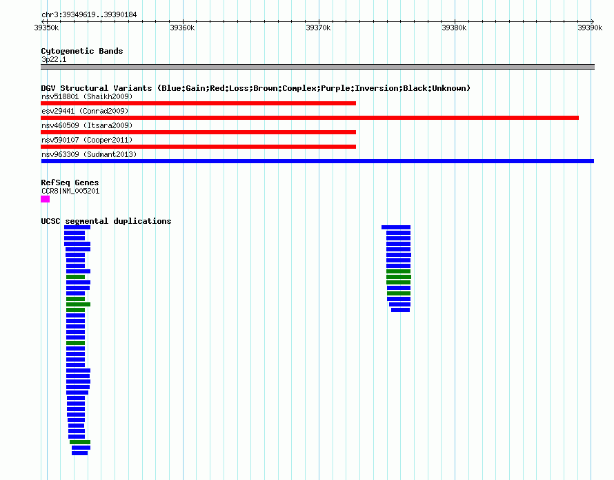 Variant DetailsVariant: nsv963309| Internal ID | 18251864 | | Landmark | | | Location Information | | | Cytoband | 3p22.1 | | Allele length | | Assembly | Allele length | | hg38 | 40566 | | hg19 | 40566 | | hg18 | 40566 |
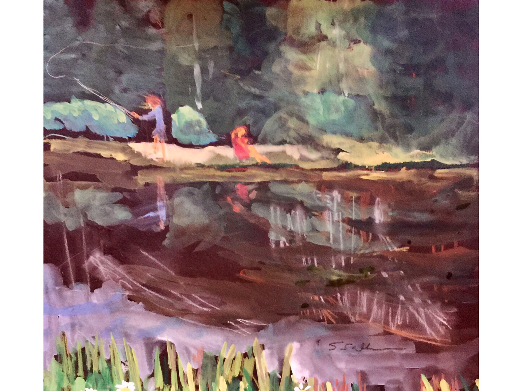 This is a pastel and gouache sketch in a 12 X 12 inch Derwent Black Paper sketchbook.
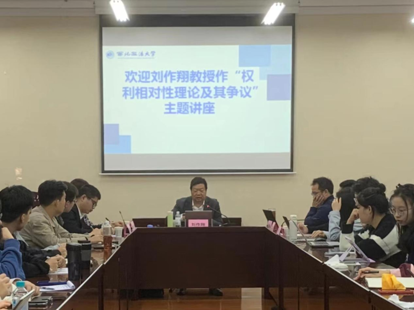 2023年10月29日上午9时,由BEAT365英国官网网站法学理论学科、法治公司、法治文明与社会治理校级研究基地共同主办的法学理论学科学术讲座在雁塔校区三号教学楼3102教室举行。上海师范大学法治与人权研究所所长,哲学与法政公司光启学者特聘教授刘作翔教授做题为《权利相对性理论及其争论》讲座,BEAT365英国官网网站法治公司朱继萍教授主持,校内50余人参加讲座。
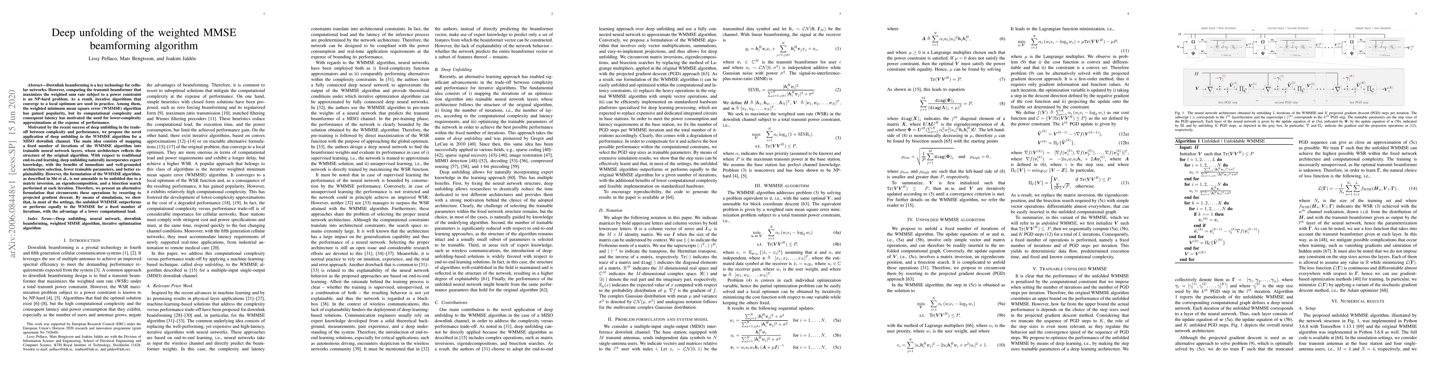 Downlink beamforming is a key technology for cellular networks. However, computing the transmit beamformer that maximizes the weighted sum rate subject to a power constraint is an NP-hard problem. As a result, iterative algorithms that converge to a local optimum are used in practice. Among them, the weighted minimum mean square error (WMMSE) algorithm has gained popularity, but its computational complexity and consequent latency has motivated the need for lower-complexity approximations at the expense of performance. Motivated by the recent success of deep unfolding in the trade-off between complexity and performance, we propose the novel application of deep unfolding to the WMMSE algorithm for a MISO downlink channel. The main idea consists of mapping a fixed number of iterations of the WMMSE algorithm into trainable neural network layers, whose architecture reflects the structure of the original algorithm. With respect to traditional end-to-end learning, deep unfolding naturally incorporates expert knowledge, with the benefits of immediate and well-grounded architecture selection, fewer trainable parameters, and better explainability. However, the formulation of the WMMSE algorithm, as described in Shi et al., is not amenable to be unfolded due to a matrix inversion, an eigendecomposition, and a bisection search performed at each iteration. Therefore, we present an alternative formulation that circumvents these operations by resorting to projected gradient descent. By means of simulations, we show that, in most of the settings, the unfolded WMMSE outperforms or performs equally to the WMMSE for a fixed number of iterations, with the advantage of a lower computational load.
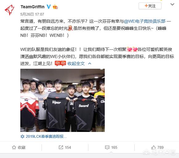 26号WE和GRF训练赛圆满结束,双方互换队服,互相恭维NB一下。记得上次WE训练赛回归是S7春季赛,效果惊人,回来立马把RNG斩下夺得S7春季赛冠军。
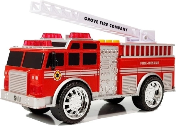 Podrobno izdelano gasilsko vozilo v izraziti rdeči barvi z lestvijo za reševalne akcije. Odlično spodbuja domišljijsko igro in prizore intervencij pri požarih.
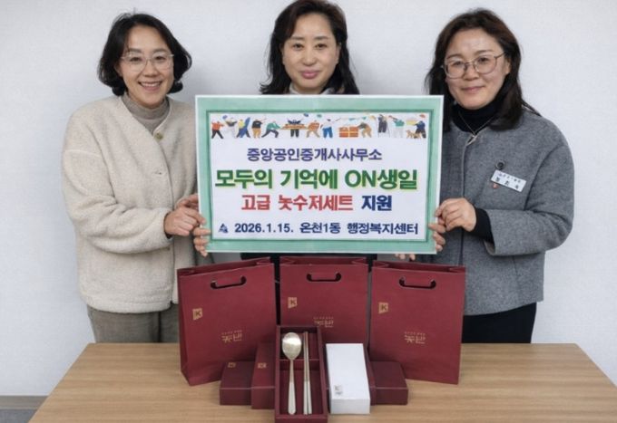 [경남도민뉴스=신석주 기자] 부산 동래구 온천1동 행정복지센터는 지난 15일 한국공인중개사협회 동래구지회 소속 중앙공인중개사사무소(대표 박유현)로부터 온천1동 특화사업인 '모두의 기억에 온(ON) 생일' 사업 추진을 위해 고급 놋수저 12세트를 후원받았다고 밝혔다.
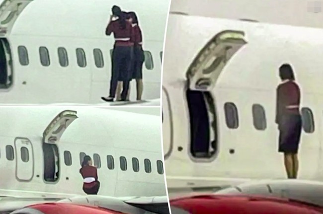 Sebuah maskapai penerbangan memulai penyelidikan terhadap tiga pramugarinya yang berada di sayap pesawat. Mereka ketahuan lagi foto-foto.
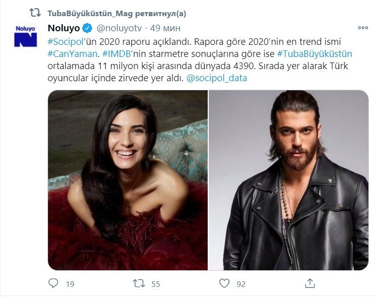 🆕Объявлен отчет Socipol за 2020 год. Согласно отчету, самое модное имя 2020 года - #CanYaman. Согласно результатам Starmeter # IMDB, # TubaBüyüküstün занял 4390-е место в мире среди 11 миллионов человек в среднем и занял первое место среди турецких игроков.
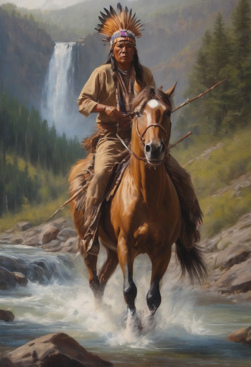 oil painting, realism, 1native american is crossing a deep river on his pony, mountains and a waterfall in the background, warm sunlight, beautiful scenery, peaceful, full body, handsome face, war bonnet, realistic, realism, detailed oil painting style, contrast, visible brush strokes
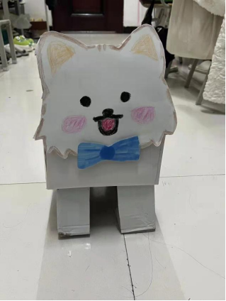 纸箱小狗大多都用废弃的纸箱制作而成。许多同学用表情包与网红狗结合起来,制作出各式各样形态可爱,外观精美的小狗。小纸狗的造型多样,形态不一,惟妙惟肖。有些学生在寝室“遛狗”,让小狗在门口“站岗”。不少同学表示,这样的手工制作品格外具有吸引力,丰富了课余生活,锻炼了手工能力,培养了健康的审美情趣。
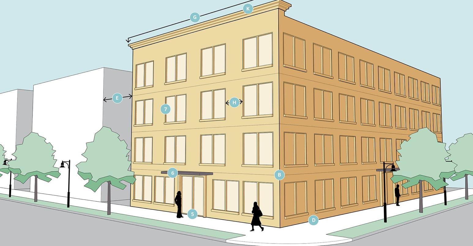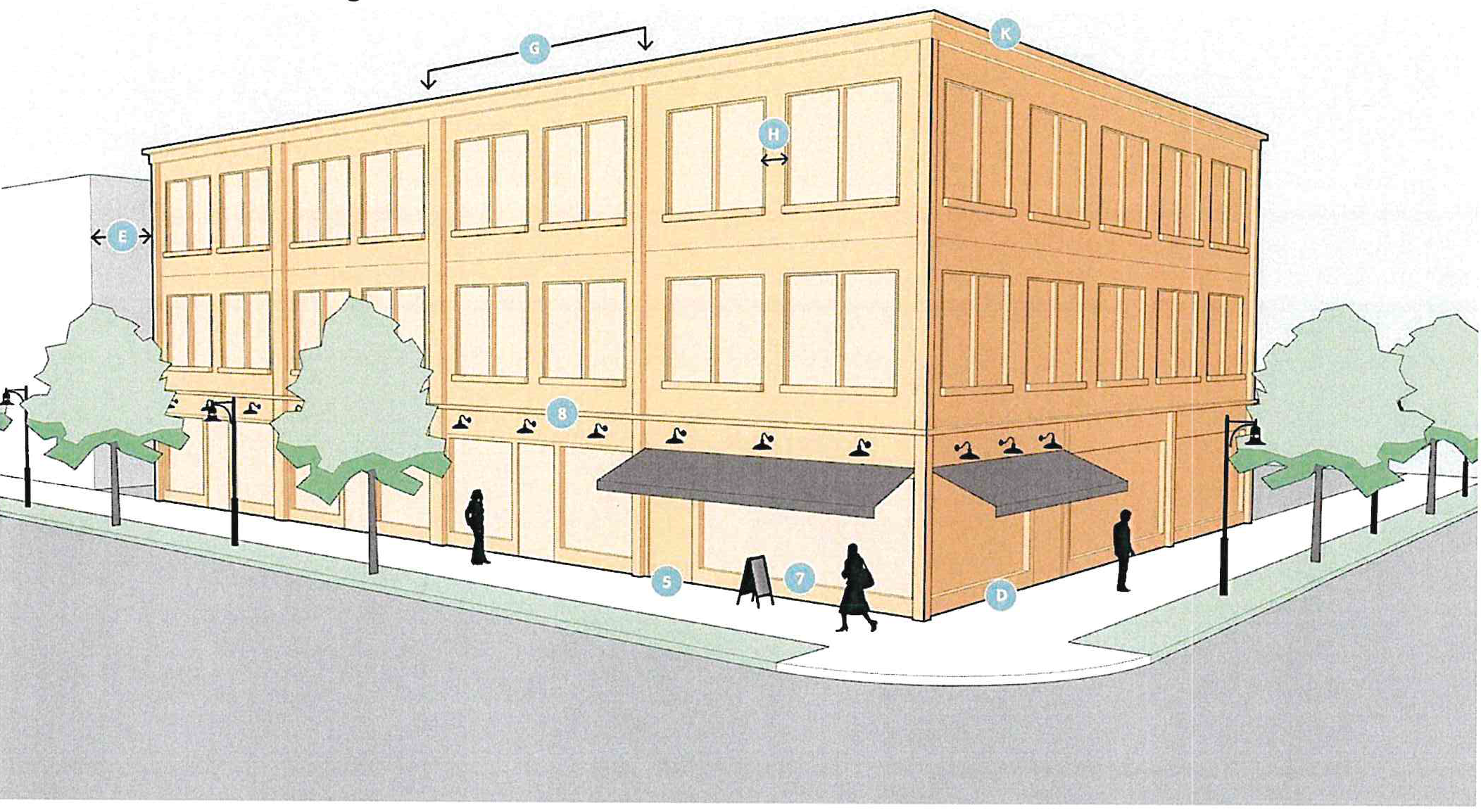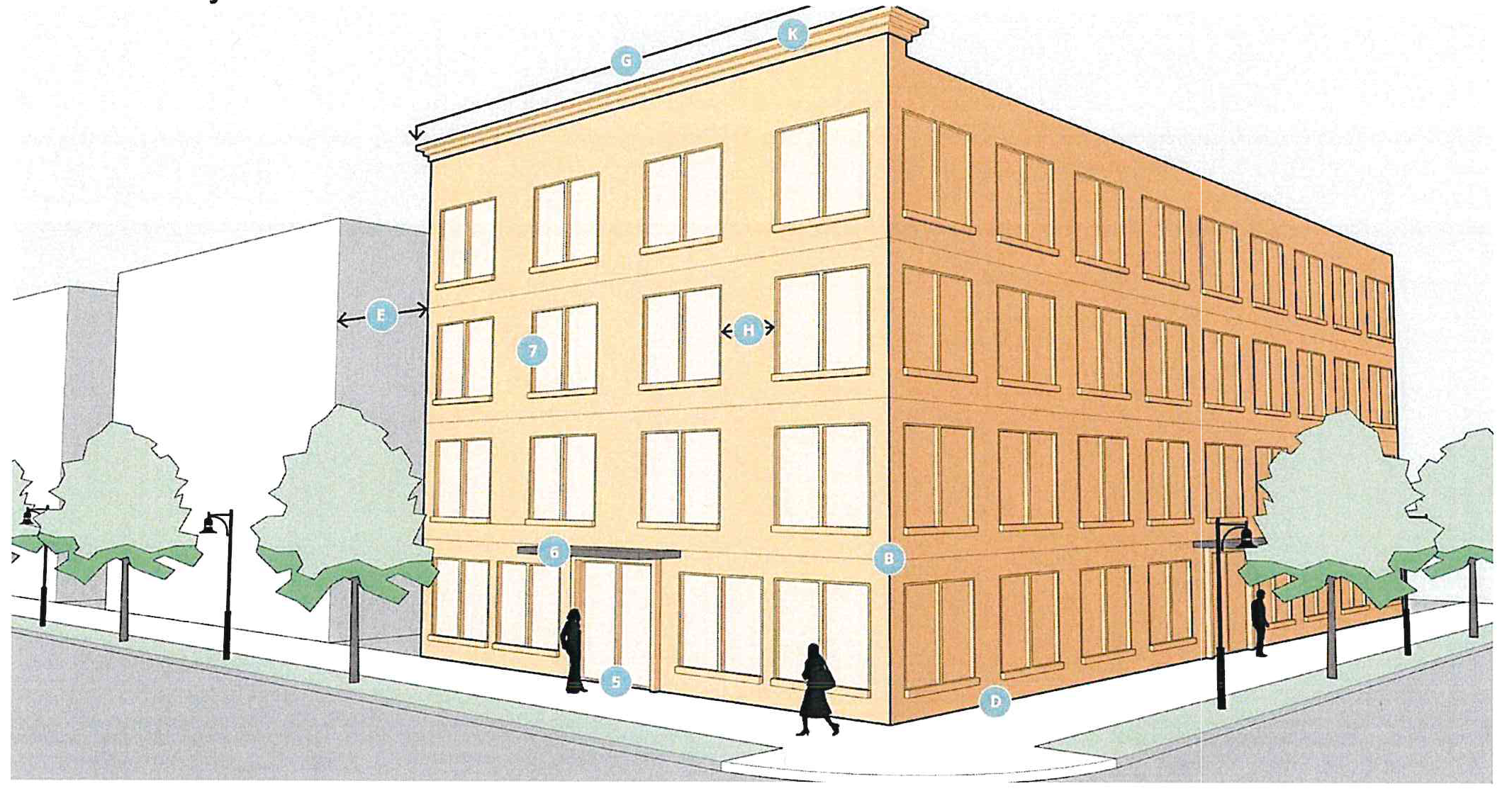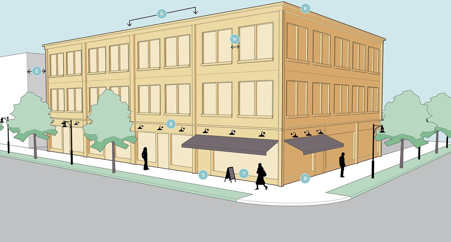 The following building design standards are applicable to all buildings. Refer also to section 42-455.B and section 42-455.C. for design standards applicable to mixed use and single story retail buildings:

──────────────────────────────

▶ _GOAL OF THE EXERCISE_
Find the line that contains "среди турецких игроков.", then write out that line and each one after it, exactly and with nothing else, through the end of the entries above, without the pictures.

▶ _ANSWER FOR THE TASK_
 🆕Объявлен отчет Socipol за 2020 год. Согласно отчету, самое модное имя 2020 года - #CanYaman. Согласно результатам Starmeter # IMDB, # TubaBüyüküstün занял 4390-е место в мире среди 11 миллионов человек в среднем и занял первое место среди турецких игроков.
 oil painting, realism, 1native american is crossing a deep river on his pony, mountains and a waterfall in the background, warm sunlight, beautiful scenery, peaceful, full body, handsome face, war bonnet, realistic, realism, detailed oil painting style, contrast, visible brush strokes
 纸箱小狗大多都用废弃的纸箱制作而成。许多同学用表情包与网红狗结合起来,制作出各式各样形态可爱,外观精美的小狗。小纸狗的造型多样,形态不一,惟妙惟肖。有些学生在寝室“遛狗”,让小狗在门口“站岗”。不少同学表示,这样的手工制作品格外具有吸引力,丰富了课余生活,锻炼了手工能力,培养了健康的审美情趣。
 The following building design standards are applicable to all buildings. Refer also to section 42-455.B and section 42-455.C. for design standards applicable to mixed use and single story retail buildings:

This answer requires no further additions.